I am trying to create a table like this:
Here's my code which is not working:
proc tabulate data=temp out = t1;
class age gender ethnic height TRT TREATGR;
table ethnic * (N) gender * (N) age * (n mean median min max) height * (n mean median min max),
TREATGR*TRT*N;
run;
Here's the log:
127 proc tabulate data=temp out = t1;
128 class age gender ethnic height TRT TREATGR;
129 table ethnic * (N) gender * (N) age * (n mean median min max) height * (n mean median min
129! max),
130 TREATGRTRTN;
131 run;
ERROR: There are multiple statistics associated with a single table cell in the following nesting :
ETHNIC * N * TREATGR * TRT * N.
ERROR: There are multiple statistics associated with a single table cell in the following nesting :
GENDER * N * TREATGR * TRT * N.
ERROR: There are multiple statistics associated with a single table cell in the following nesting :
AGE * N * TREATGR * TRT * N.
ERROR: Statistic other than N was requested without analysis variable in the following nesting : AGE
* Mean * TREATGR * TRT * N.
ERROR: Statistic other than N was requested without analysis variable in the following nesting : AGE
* Median * TREATGR * TRT * N.
ERROR: Statistic other than N was requested without analysis variable in the following nesting : AGE
* Min * TREATGR * TRT * N.
ERROR: Statistic other than N was requested without analysis variable in the following nesting : AGE
* Max * TREATGR * TRT * N.
ERROR: There are multiple statistics associated with a single table cell in the following nesting :
HEIGHT * N * TREATGR * TRT * N.
ERROR: Statistic other than N was requested without analysis variable in the following nesting :
HEIGHT * Mean * TREATGR * TRT * N.
ERROR: Statistic other than N was requested without analysis variable in the following nesting :
HEIGHT * Median * TREATGR * TRT * N.
ERROR: Statistic other than N was requested without analysis variable in the following nesting :
HEIGHT * Min * TREATGR * TRT * N.
ERROR: Statistic other than N was requested without analysis variable in the following nesting :
HEIGHT * Max * TREATGR * TRT * N.
NOTE: The SAS System stopped processing this step because of errors.
WARNING: The data set WORK.T1 may be incomplete.

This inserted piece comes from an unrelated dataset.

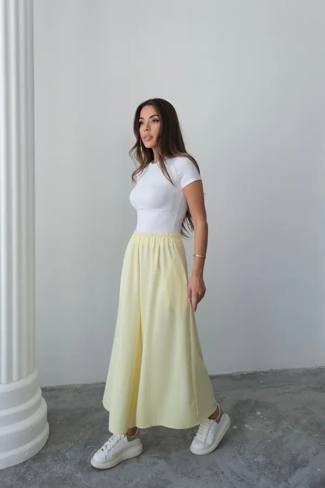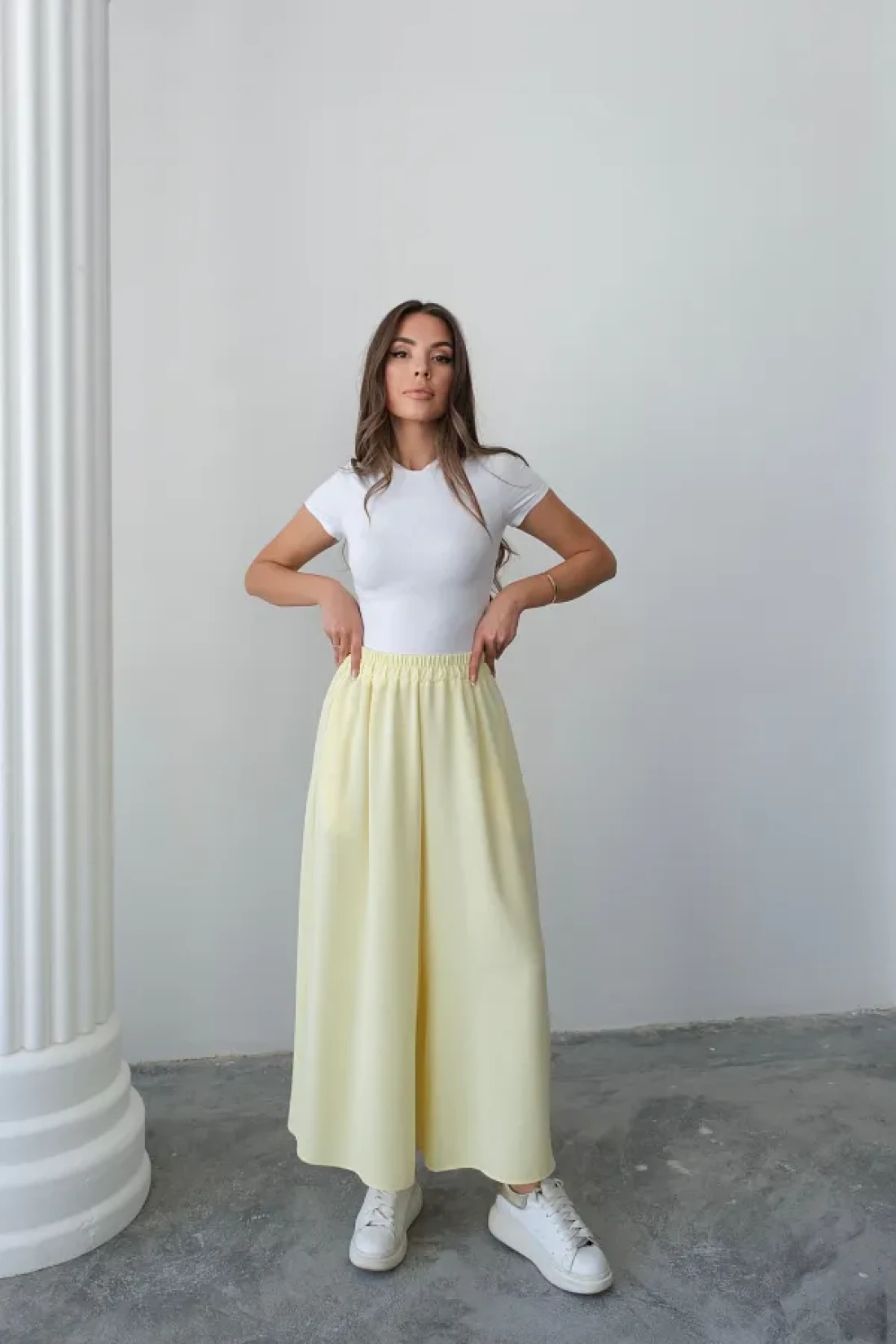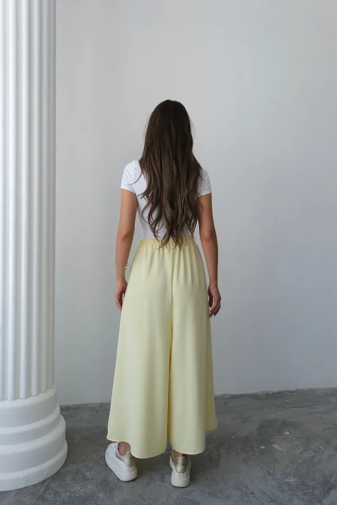 Hatun Atila تنورة بنطلون كريب مزدوجة واسعة القطع بخصر مطاطي - أصفر
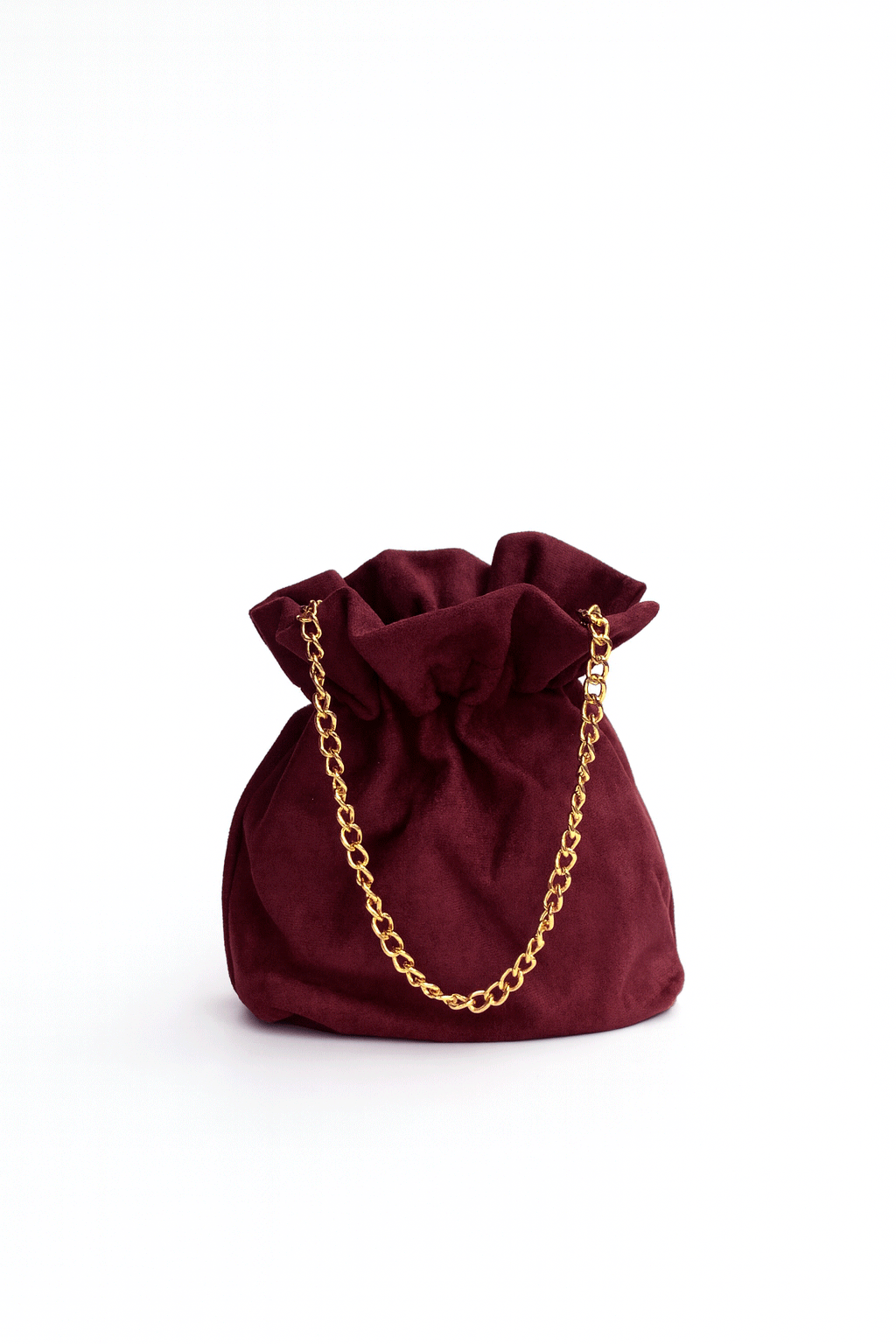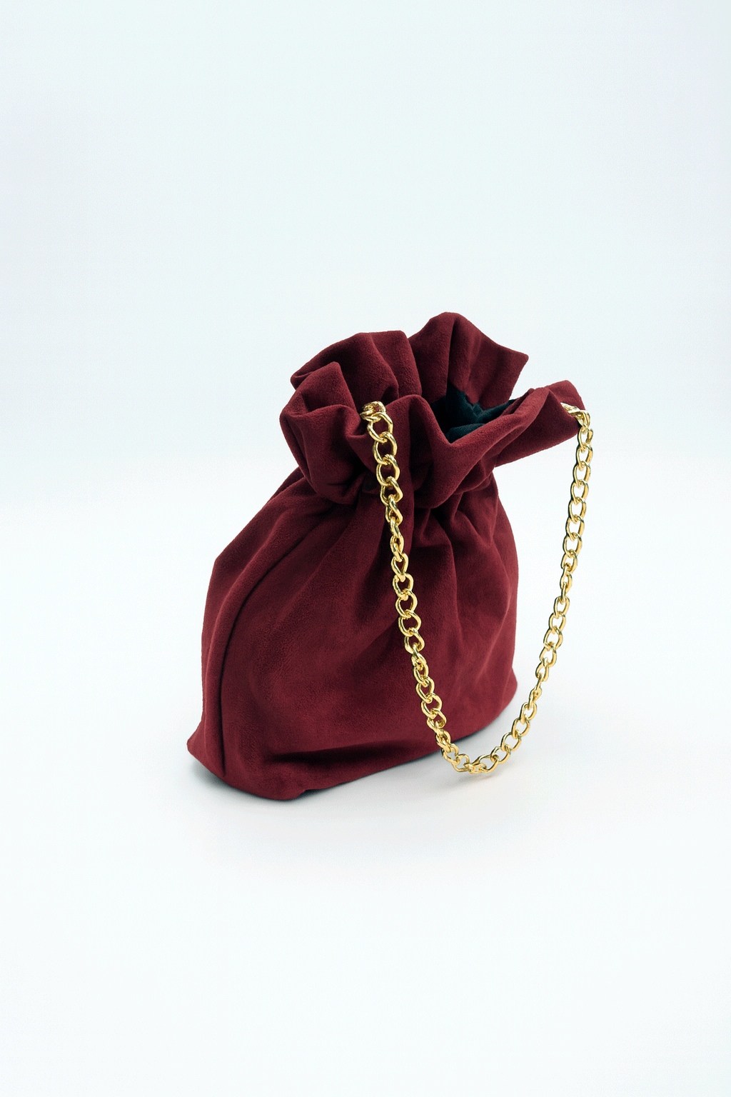 REF: 21415 – Original bolso de fiesta o clutch color burdeos o granate. Se trata de un bolso diseñado en forma de saco tipo bombonera, confeccionado en una agradable tela de antelina color burdeos. Presenta una cadena métalicada dorada corta para llevarlo como bolso de mano y, también, se incluye una cadena larga también dorada para llevarlo colgado al hombro.

When this step was stopped there were 0
observations and 0 variables.
WARNING: Data set WORK.T1 was not replaced because this step was stopped.
NOTE: PROCEDURE TABULATE used (Total process time):
real time 0.01 seconds
cpu time 0.01 seconds
But this works
proc tabulate data=temp out = t1;
class age gender ethnic height TRT TREATGR;
table ethnic gender age height ,
TREATGR*TRT*N;
run;
But it lits all the age and heights.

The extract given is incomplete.